Grid charges can be categorized into energy charges, demand charges and fixed charges. Energy charge is the cost ($/kWh) of consumption. Demand charge is the cost ($/kW) of demand. Demand charges are the utility’s way of discouraging sudden spikes in demand. Peak shaving or demand charge reduction aims to reduce a customer's electricity bill by reducing these demand charges. To reduce demand charges, HOMER Grid will try to limit the peak power purchased during each month.
Observe the graph below: (Electric load = red; Grid purchases = green; demand limit = black; State of Charge = orange)
The demand limit is an artificial limit that restricts the maximum allowable grid purchase. In the above graph, observe that the green lines (grid purchases) do not exceed the black line (demand limit). HOMER Grid varies the demand limit on a monthly basis. One of the objectives of the HOMER Grid control strategy is optimizing the demand limit in every month to achieve maximum reduction in demand charges. As shown on the second axis, HOMER Grid will strategically discharge batteries to lower the monthly demand charge.
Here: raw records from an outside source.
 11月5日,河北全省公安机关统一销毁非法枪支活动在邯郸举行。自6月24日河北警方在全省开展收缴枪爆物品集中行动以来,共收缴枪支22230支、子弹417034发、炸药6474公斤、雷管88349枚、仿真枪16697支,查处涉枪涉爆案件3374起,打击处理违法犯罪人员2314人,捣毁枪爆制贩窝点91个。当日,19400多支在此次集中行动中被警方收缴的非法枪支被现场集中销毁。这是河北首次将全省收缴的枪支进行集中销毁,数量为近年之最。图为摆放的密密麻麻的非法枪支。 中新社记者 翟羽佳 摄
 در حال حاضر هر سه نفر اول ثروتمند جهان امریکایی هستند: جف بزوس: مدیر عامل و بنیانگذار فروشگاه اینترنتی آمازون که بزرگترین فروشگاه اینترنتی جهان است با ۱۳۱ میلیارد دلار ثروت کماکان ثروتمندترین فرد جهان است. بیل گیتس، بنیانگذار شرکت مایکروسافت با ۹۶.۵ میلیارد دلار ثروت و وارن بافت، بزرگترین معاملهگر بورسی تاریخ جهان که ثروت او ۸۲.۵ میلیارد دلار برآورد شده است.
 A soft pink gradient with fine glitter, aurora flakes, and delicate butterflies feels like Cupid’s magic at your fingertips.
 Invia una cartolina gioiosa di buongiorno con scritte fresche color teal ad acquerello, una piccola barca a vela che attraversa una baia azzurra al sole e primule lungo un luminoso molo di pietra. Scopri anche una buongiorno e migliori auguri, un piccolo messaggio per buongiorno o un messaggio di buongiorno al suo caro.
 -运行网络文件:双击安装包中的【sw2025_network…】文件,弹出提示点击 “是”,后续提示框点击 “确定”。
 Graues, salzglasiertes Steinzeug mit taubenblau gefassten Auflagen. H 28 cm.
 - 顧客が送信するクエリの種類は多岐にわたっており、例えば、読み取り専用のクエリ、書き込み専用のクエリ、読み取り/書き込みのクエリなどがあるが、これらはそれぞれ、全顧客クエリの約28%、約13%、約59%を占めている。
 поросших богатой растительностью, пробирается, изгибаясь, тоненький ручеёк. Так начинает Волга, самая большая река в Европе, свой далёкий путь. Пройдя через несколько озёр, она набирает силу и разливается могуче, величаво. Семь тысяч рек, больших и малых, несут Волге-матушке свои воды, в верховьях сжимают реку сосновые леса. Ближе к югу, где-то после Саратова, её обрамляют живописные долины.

The dispatch algorithm is responsible for deciding in each time step on how the electrical load is served by the available electric generation sources. Among the many decisions it takes, it decides if the battery should be charged by the grid, if it makes sense to buy from the grid, and/or if it should run the generator. The dispatch in HOMER Grid has ‘perfect foresight’, meaning that it knows:
•The electric demand for each time step in the future
•The utility rate schedule
•PV production for each time step in the future
HOMER Grid will optimize and find the least cost system by reducing demand charges and engaging in energy arbitrage if viable. Along with optimizing the sizes of components, HOMER Grid optimizes demand limits for every month. For a given system configuration and size, the Optimizer tries to find the lowest cost grid power demand limit for each month. This often is the lowest peak demand that will, when combined with the PV, storage, and generator, still serve the facility’s electrical load. For systems with a generator, the tradeoff between generator operating costs and reduced grid charges is considered.
If this system is feasible, meaning the electrical demand is being served in each time step without exceeding the peak demand limit, the economics of the system are calculated. The system will get ranked in order of NPC in the final results table.
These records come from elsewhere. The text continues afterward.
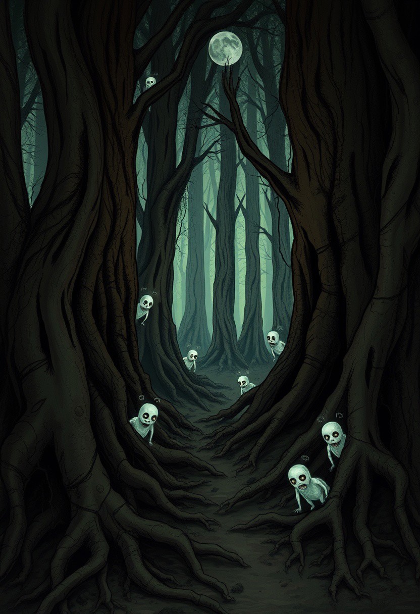 A forest filled with tiny, mischievous spirits, playing hide-and-seek among the roots of ancient trees digital, creepy ghostly figure, eerie and unsettling presence, a fusion of dark fantasy and chilling horror elements. The artwork delves into themes of the macabre, the supernatural, and the uncanny, using a stark color palette, expressive lines, and intricate details to evoke a sense of foreboding and intrigue.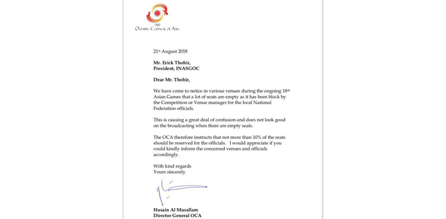 Dalam isi surat tertanggal Selasa (21/8) tersebut, OCA menyangkan kosongnya kursi-kursi di veneu saat pertandingan berlangsung. Hal ini menyebabkan tidak terlihat bagus saat siaran langsung karena kosongnya bangku penonton.
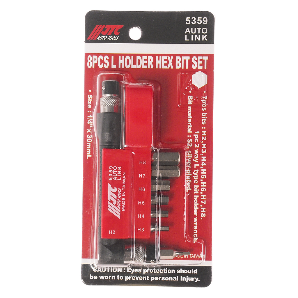 Набор Бит-вставок 1/4" DR H2, H3, H4, H5, H6, H7, H8 и Г-образным держателем 8 пр. JTC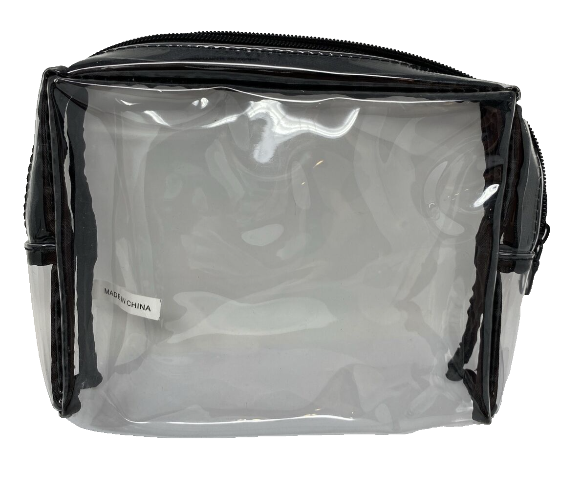 - Set of 3 Clear Vinyl Travel Zipper Pouches Black Trim

The dispatch looks two days (48 hours) into the future in each time step when making a dispatch decision. It looks ahead to see if there could be a capacity shortage in the next 48 hours and adjusts its dispatch decision to avoid it if possible. This could involve buying more power from the grid to charge the battery extra during the current time step or turning on the generator to charge the battery even more. It also looks ahead for surplus PV energy (times when the PV output power is greater than the load) and tries to leave headroom in the battery to capture this surplus if it can.
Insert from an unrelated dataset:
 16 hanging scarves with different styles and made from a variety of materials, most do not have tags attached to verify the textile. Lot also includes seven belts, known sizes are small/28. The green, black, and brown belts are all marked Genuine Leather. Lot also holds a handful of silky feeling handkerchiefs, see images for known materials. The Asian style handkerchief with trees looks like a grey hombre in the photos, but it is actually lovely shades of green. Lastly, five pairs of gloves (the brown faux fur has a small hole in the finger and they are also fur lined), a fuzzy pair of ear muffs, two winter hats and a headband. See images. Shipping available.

Finally, when arbitrage is feasible, the dispatcher generally prefers offsetting grid purchases to outright selling of battery energy. For example, the dispatcher would prefer to serve all the load from the battery during a period of expensive grid prices rather than selling all the battery right away.
If the system includes a CHP generator and a thermal load, the dispatch evaluates the cost of supplying head from the available sources (electric heater, boiler and CHP generator), and chooses the lowest cost combination.
Tip: You are required to include a boiler if you have a thermal load, and the boiler has unlimited capacity. If you want the controller to not use the boiler at all, you can choose a very high price for the boiler’s fuel. If you have a generator, be sure to use a different fuel for the generator than for the boiler. The LCOE reported in the results tables will be wrong if you use this workaround.